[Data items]
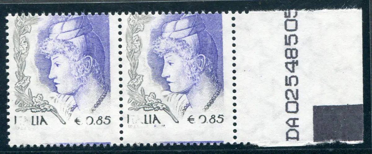 Frau in der Kunst Euro 0,85 Sorte Ilia Vollgummi - MHN - - Frau in der Kunst Euro 0,85 Nr. 2729 horizontales Paar mit unvollständigem Schwarzdruck, so dass Ilia statt Italien gelesen wird - auffälliger Cod. 865/14
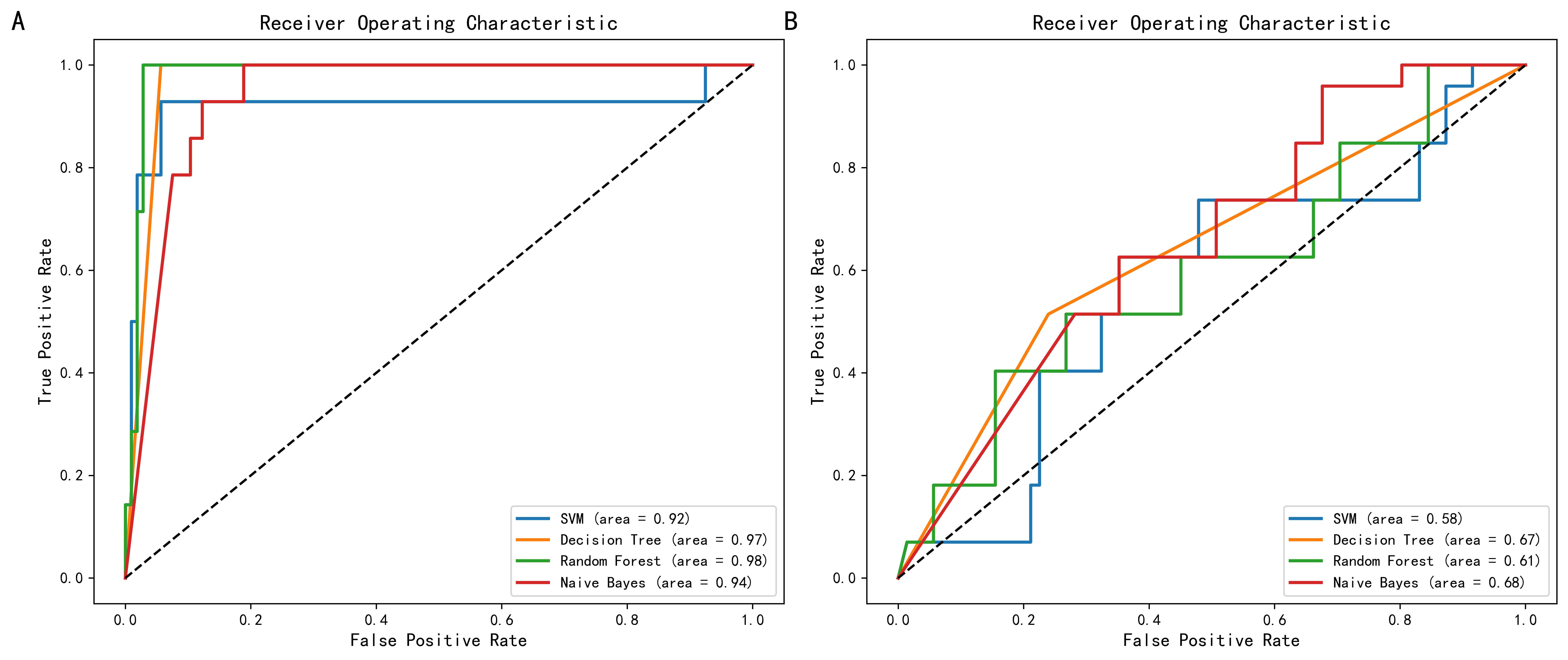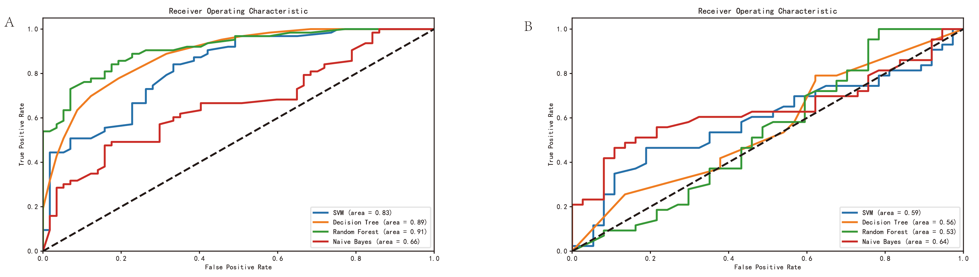 ROC curves of functional area. (A) ROC curves of the support vector machine, decision tree, random forest, and naïve Bayes models in the training set. (B) ROC curves of the same models in the independent test set. The ROC curves illustrate the trade-off between sensitivity and specificity across different classification thresholds. The AUC for each model is indicated in the legend. ROC, receiver operating characteristic.
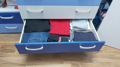 Vendo cameretta nuovissima come da foto esclusa di letto ed accessori solo il mobile.Acquiststa in mobilificio composta da armadio con cassetti libreria letto sopra scala con gradini contenitori ,scrivania e mensole
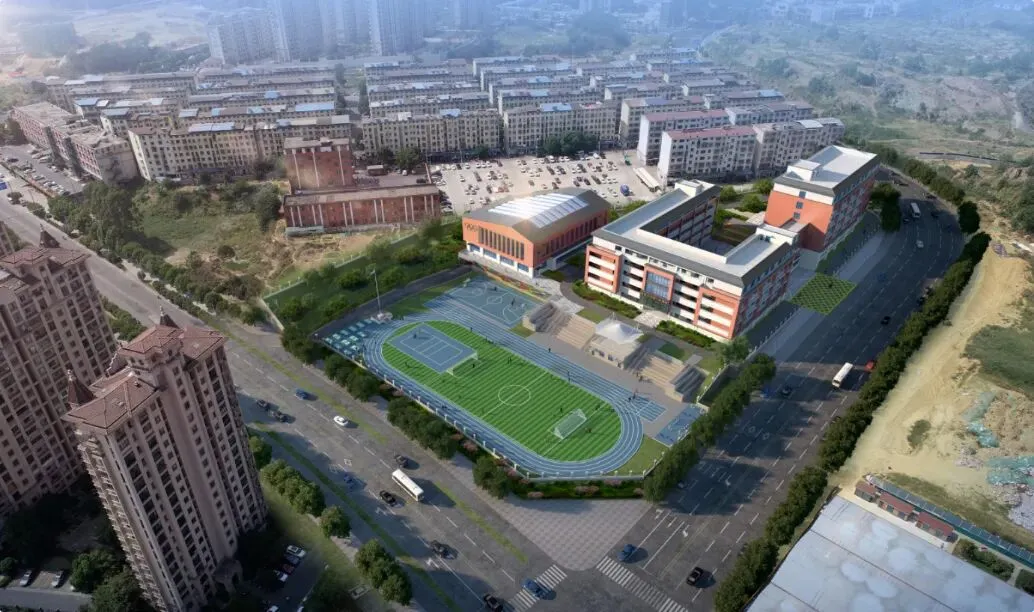 2025年3月开工,目前2栋教学楼外墙已完工,进度较快,预计2026年8月竣工、下半年投用。学校规划12班,提供540个学位,配套综合楼、食堂、风雨球场等设施——
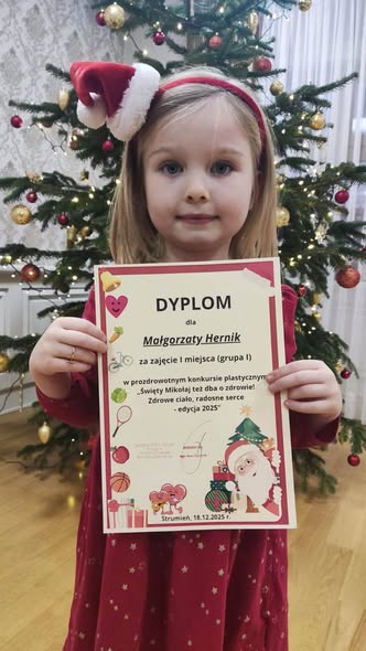 Z ogromną radością informujemy, że nasze przedszkolaki – Małgorzata Hernik oraz Karolinka Kozłowska – osiągnęły wspaniały sukces w prozdrowotnym konkursie plastycznym pt. „Święty Mikołaj też dba o zdrowie! Zdrowe ciało, radosne serce – edycja 2025”, organizowanym pod patronatem Burmistrza Strumienia. Małgorzata zajęła I miejsce, a Karolinka III miejsce, wyróżniając się nie tylko talentem plastycznym, ale także kreatywnym podejściem do tematu zdrowego stylu życia. 🖌️🎨
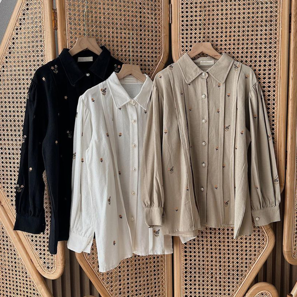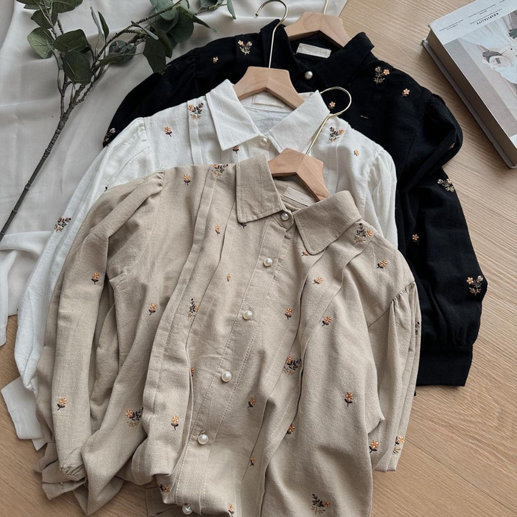KONVEKSI BANDUNG | BERINA Flower Kemeja Linen Wanita Lengan Panjang Korean Style Motif Bunga
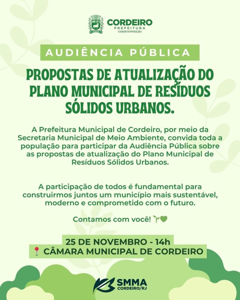 A Prefeitura Municipal de Cordeiro, por meio da Secretaria Municipal de Meio Ambiente, convida toda a população para participar da Audiência Pública sobre as propostas de atualização do Plano Municipal de Resíduos Sólidos Urbanos. Data: 25/11/25 Local: Câmara Municipal de Cordeiro Horário: 14h A participação de todos é fundamental para construirmos juntos um município mais […]
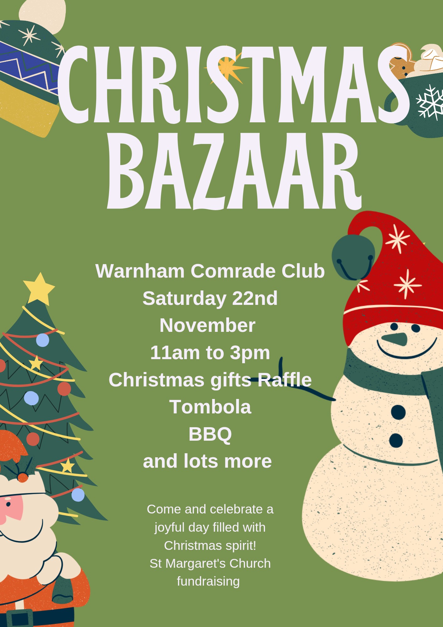 - Christmas Bazaar at Warnham Comrade Club, 11am-3pm, by St Margaret’s, Warnham
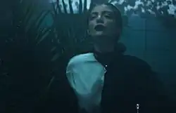 The video begins with shots of the ocean; The Daily Beast's editor Marlow Stern drew comparisons between the shots to Paul Thomas Anderson's drama film The Master (2012).[44] The scene revealed an unseen city with ruins of factories on an island and full of teens "without any parental guidance".[45][46] On Lorde's Facebook account, she further explained that world was "so different to anything anyone had ever seen, a dark world full of tropical plants and ruins and sweat".[43] Inside the ruins, she is seen as the "self-anointed" queen of the city's citizens in a "blue, foliage-filled universe".[44][45] Stern compared her image to that of The Hunger Games' fictional character Katniss Everdeen.[44] A young boy is transported to the island;[46] following his arrival, he must joust on a motorbike to become a part of Lorde's "team".[41][47] He loses;[47] Lorde commented that "sometimes the person who loses is stronger".[43]
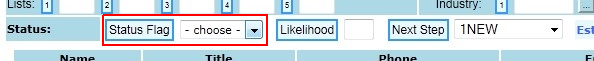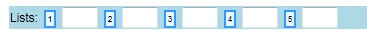 There are five ‘Lists’ fields above the Status Line on the CRM Screen. They are numbered 1 through 5 as shown below.

### TASK DETAILS
Exact duplicates of all the entries are required, and no image may appear in them.

### EXERCISE OUTPUT
 Frau in der Kunst Euro 0,85 Sorte Ilia Vollgummi - MHN - - Frau in der Kunst Euro 0,85 Nr. 2729 horizontales Paar mit unvollständigem Schwarzdruck, so dass Ilia statt Italien gelesen wird - auffälliger Cod. 865/14
 ROC curves of functional area. (A) ROC curves of the support vector machine, decision tree, random forest, and naïve Bayes models in the training set. (B) ROC curves of the same models in the independent test set. The ROC curves illustrate the trade-off between sensitivity and specificity across different classification thresholds. The AUC for each model is indicated in the legend. ROC, receiver operating characteristic.
 Vendo cameretta nuovissima come da foto esclusa di letto ed accessori solo il mobile.Acquiststa in mobilificio composta da armadio con cassetti libreria letto sopra scala con gradini contenitori ,scrivania e mensole
 2025年3月开工,目前2栋教学楼外墙已完工,进度较快,预计2026年8月竣工、下半年投用。学校规划12班,提供540个学位,配套综合楼、食堂、风雨球场等设施——
 Z ogromną radością informujemy, że nasze przedszkolaki – Małgorzata Hernik oraz Karolinka Kozłowska – osiągnęły wspaniały sukces w prozdrowotnym konkursie plastycznym pt. „Święty Mikołaj też dba o zdrowie! Zdrowe ciało, radosne serce – edycja 2025”, organizowanym pod patronatem Burmistrza Strumienia. Małgorzata zajęła I miejsce, a Karolinka III miejsce, wyróżniając się nie tylko talentem plastycznym, ale także kreatywnym podejściem do tematu zdrowego stylu życia. 🖌️🎨
KONVEKSI BANDUNG | BERINA Flower Kemeja Linen Wanita Lengan Panjang Korean Style Motif Bunga
 A Prefeitura Municipal de Cordeiro, por meio da Secretaria Municipal de Meio Ambiente, convida toda a população para participar da Audiência Pública sobre as propostas de atualização do Plano Municipal de Resíduos Sólidos Urbanos. Data: 25/11/25 Local: Câmara Municipal de Cordeiro Horário: 14h A participação de todos é fundamental para construirmos juntos um município mais […]
 - Christmas Bazaar at Warnham Comrade Club, 11am-3pm, by St Margaret’s, Warnham
 The video begins with shots of the ocean; The Daily Beast's editor Marlow Stern drew comparisons between the shots to Paul Thomas Anderson's drama film The Master (2012).[44] The scene revealed an unseen city with ruins of factories on an island and full of teens "without any parental guidance".[45][46] On Lorde's Facebook account, she further explained that world was "so different to anything anyone had ever seen, a dark world full of tropical plants and ruins and sweat".[43] Inside the ruins, she is seen as the "self-anointed" queen of the city's citizens in a "blue, foliage-filled universe".[44][45] Stern compared her image to that of The Hunger Games' fictional character Katniss Everdeen.[44] A young boy is transported to the island;[46] following his arrival, he must joust on a motorbike to become a part of Lorde's "team".[41][47] He loses;[47] Lorde commented that "sometimes the person who loses is stronger".[43]
 There are five ‘Lists’ fields above the Status Line on the CRM Screen. They are numbered 1 through 5 as shown below.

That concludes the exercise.